### [RECORD SET]
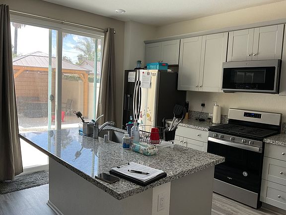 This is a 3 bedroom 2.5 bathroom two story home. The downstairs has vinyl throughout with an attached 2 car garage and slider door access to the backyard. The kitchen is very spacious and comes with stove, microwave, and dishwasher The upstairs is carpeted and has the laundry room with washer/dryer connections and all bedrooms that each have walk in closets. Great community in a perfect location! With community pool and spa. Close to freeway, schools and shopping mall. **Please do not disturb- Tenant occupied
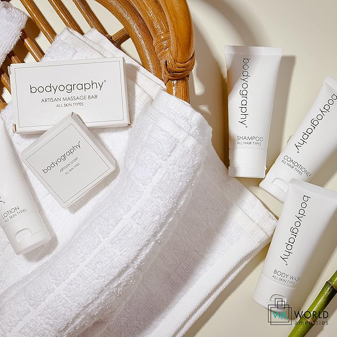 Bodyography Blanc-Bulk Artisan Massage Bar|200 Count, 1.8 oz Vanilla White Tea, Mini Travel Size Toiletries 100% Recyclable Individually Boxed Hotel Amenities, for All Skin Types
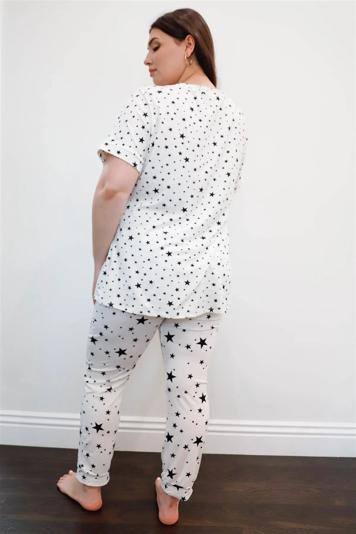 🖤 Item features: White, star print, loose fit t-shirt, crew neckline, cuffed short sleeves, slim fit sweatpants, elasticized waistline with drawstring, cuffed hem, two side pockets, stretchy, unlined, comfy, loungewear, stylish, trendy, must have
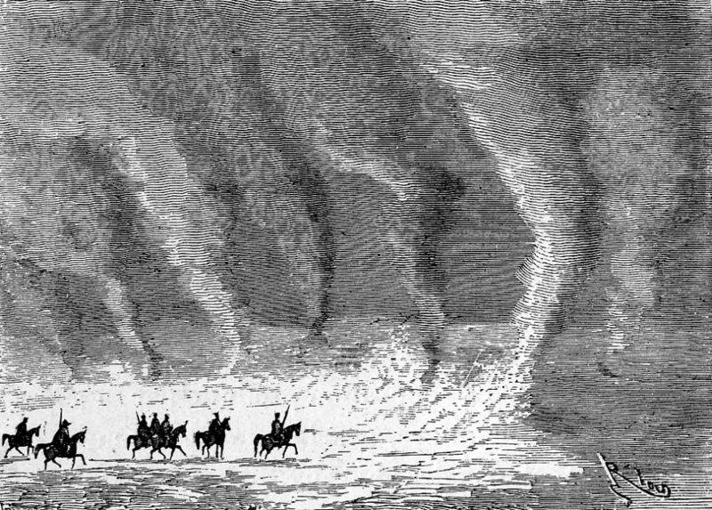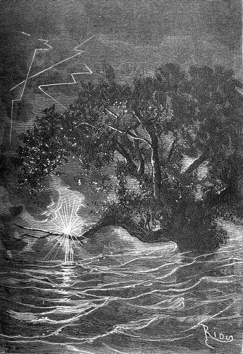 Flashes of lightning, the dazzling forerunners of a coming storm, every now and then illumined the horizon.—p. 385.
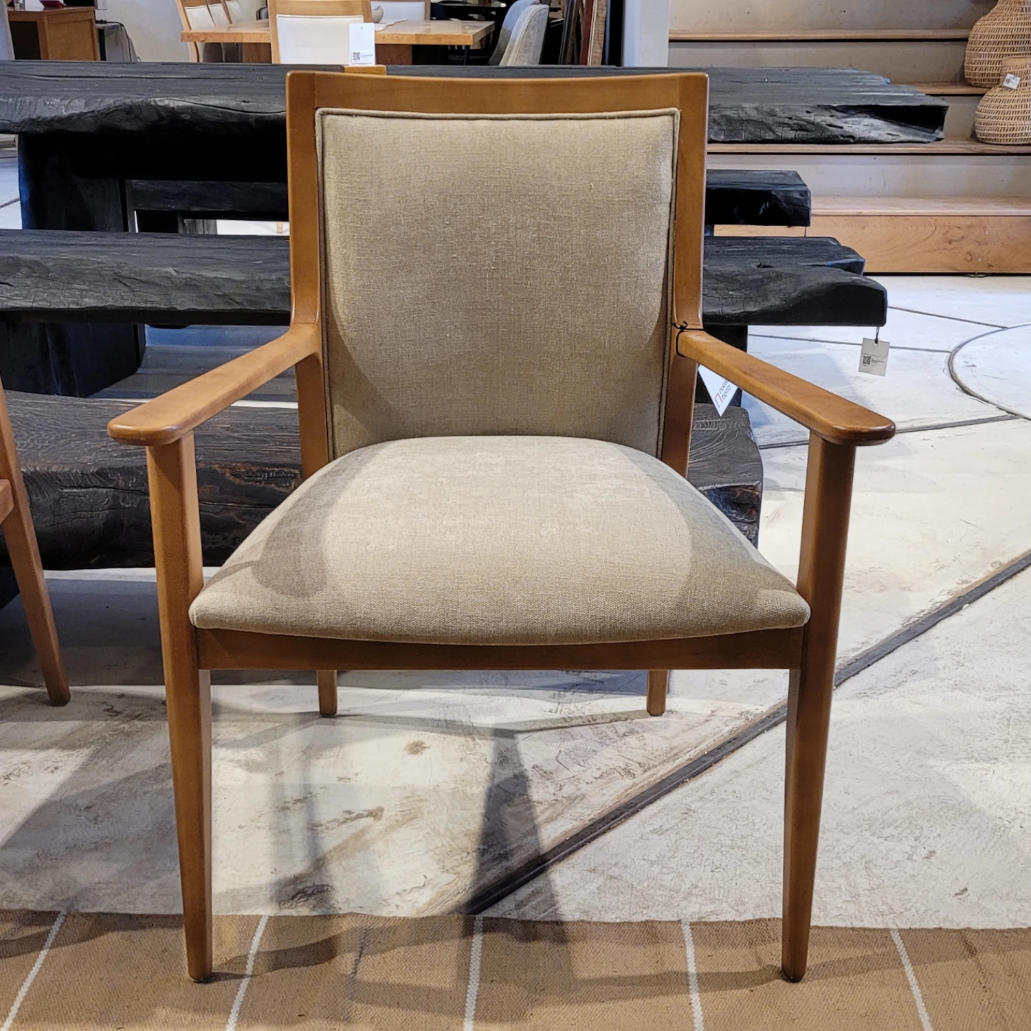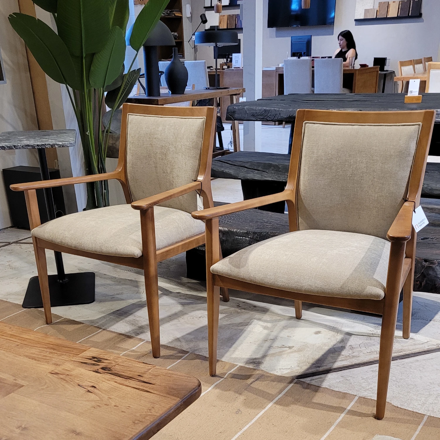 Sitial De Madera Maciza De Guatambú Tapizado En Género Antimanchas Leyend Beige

### [WHAT IS EXPECTED]
Set down nothing but the lines from the one containing "Flashes of lightning, the" to the final line above, both included, with every picture left out.

### [SOLVED PROBLEM]
 Flashes of lightning, the dazzling forerunners of a coming storm, every now and then illumined the horizon.—p. 385.
 Sitial De Madera Maciza De Guatambú Tapizado En Género Antimanchas Leyend Beige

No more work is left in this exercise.